• _TO DO_
For this task, output exactly the lines of the material below starting at the line with "1階が露天風呂と湯上がりリビ" and ending at the line with "tình nguyện |"; pictures are to be excluded.

• _GIVEN INFORMATION_

- Opening Delimiter -

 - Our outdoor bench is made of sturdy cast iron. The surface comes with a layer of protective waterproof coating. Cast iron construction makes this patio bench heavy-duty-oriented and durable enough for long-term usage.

- Closing Delimiter -
- Opening Delimiter -

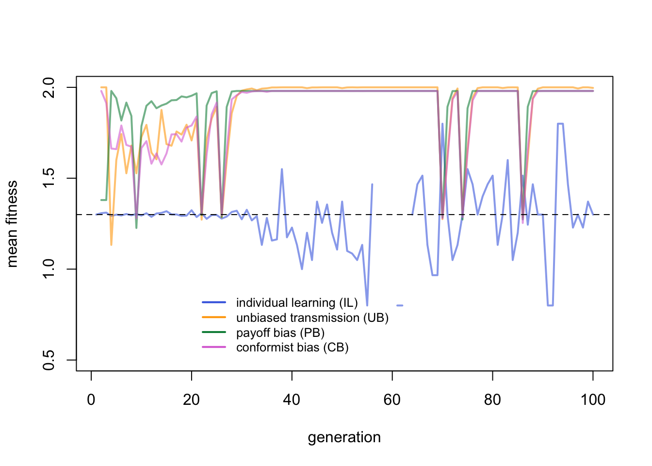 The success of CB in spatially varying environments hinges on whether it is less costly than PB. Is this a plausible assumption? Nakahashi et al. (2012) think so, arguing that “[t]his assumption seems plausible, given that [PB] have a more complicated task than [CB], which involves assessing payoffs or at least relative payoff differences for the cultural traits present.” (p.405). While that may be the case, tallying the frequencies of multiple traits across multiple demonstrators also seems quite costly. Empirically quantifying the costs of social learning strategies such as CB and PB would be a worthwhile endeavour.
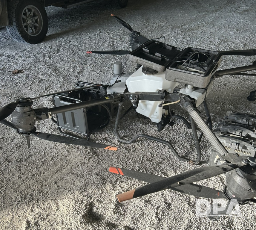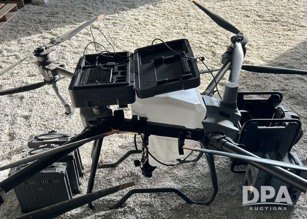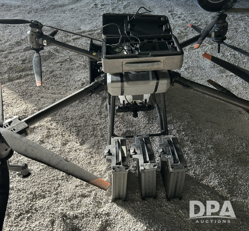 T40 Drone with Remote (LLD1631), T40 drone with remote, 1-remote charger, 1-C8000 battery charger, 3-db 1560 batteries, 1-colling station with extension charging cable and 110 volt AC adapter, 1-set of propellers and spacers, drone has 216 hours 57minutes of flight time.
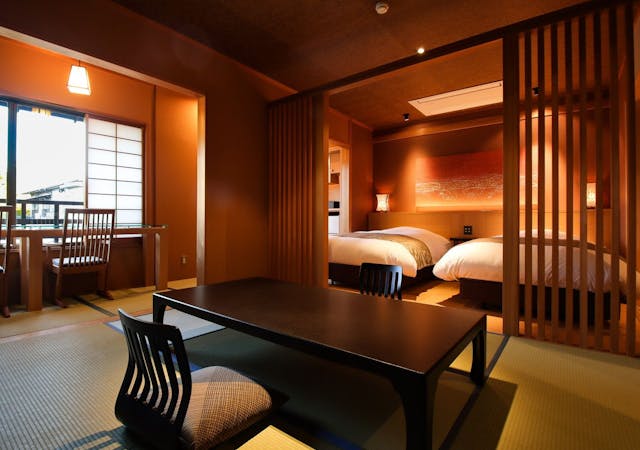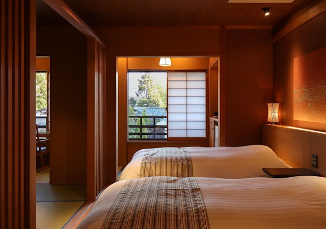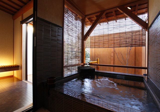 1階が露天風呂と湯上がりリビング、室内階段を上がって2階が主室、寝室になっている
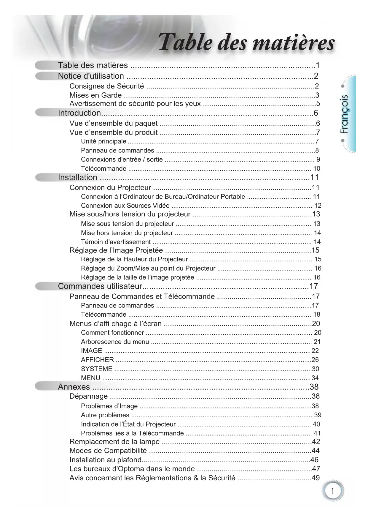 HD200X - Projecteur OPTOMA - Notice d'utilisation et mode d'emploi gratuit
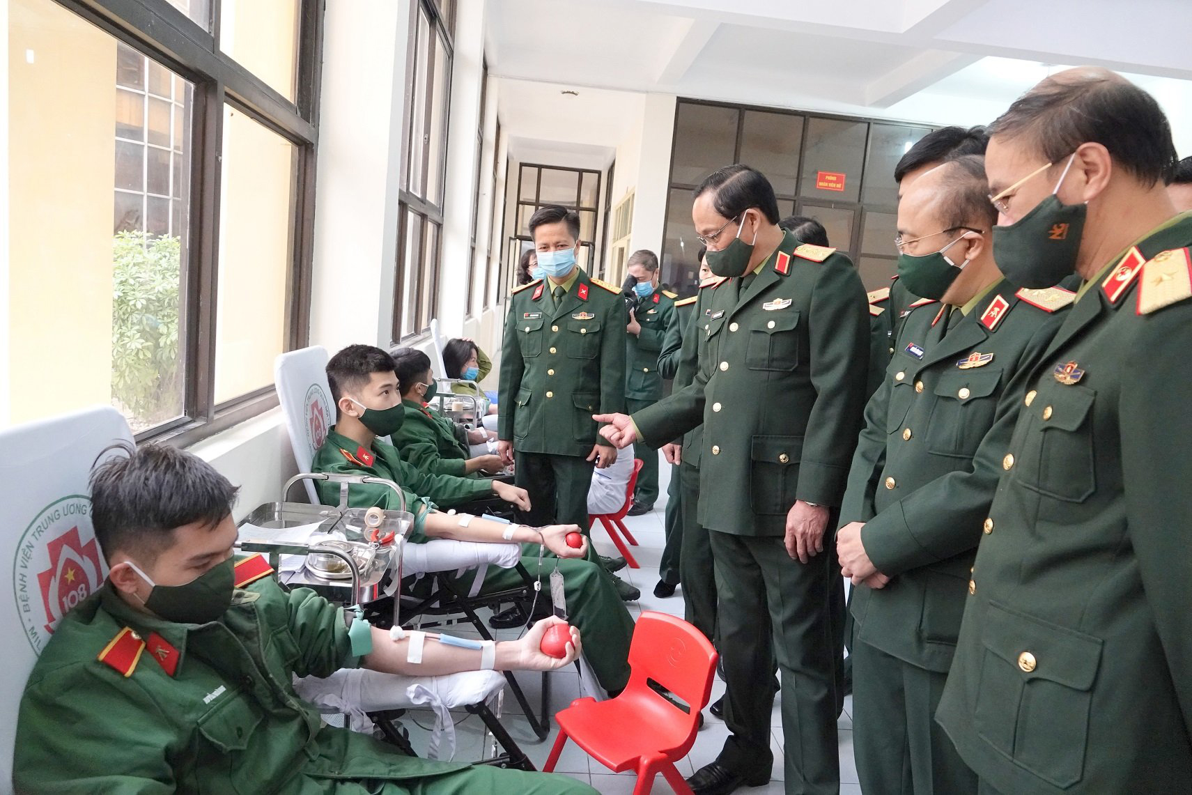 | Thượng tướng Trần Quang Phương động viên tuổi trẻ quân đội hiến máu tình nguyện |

- Closing Delimiter -

• _PROBLEM SOLUTION_
 1階が露天風呂と湯上がりリビング、室内階段を上がって2階が主室、寝室になっている
 HD200X - Projecteur OPTOMA - Notice d'utilisation et mode d'emploi gratuit
 | Thượng tướng Trần Quang Phương động viên tuổi trẻ quân đội hiến máu tình nguyện |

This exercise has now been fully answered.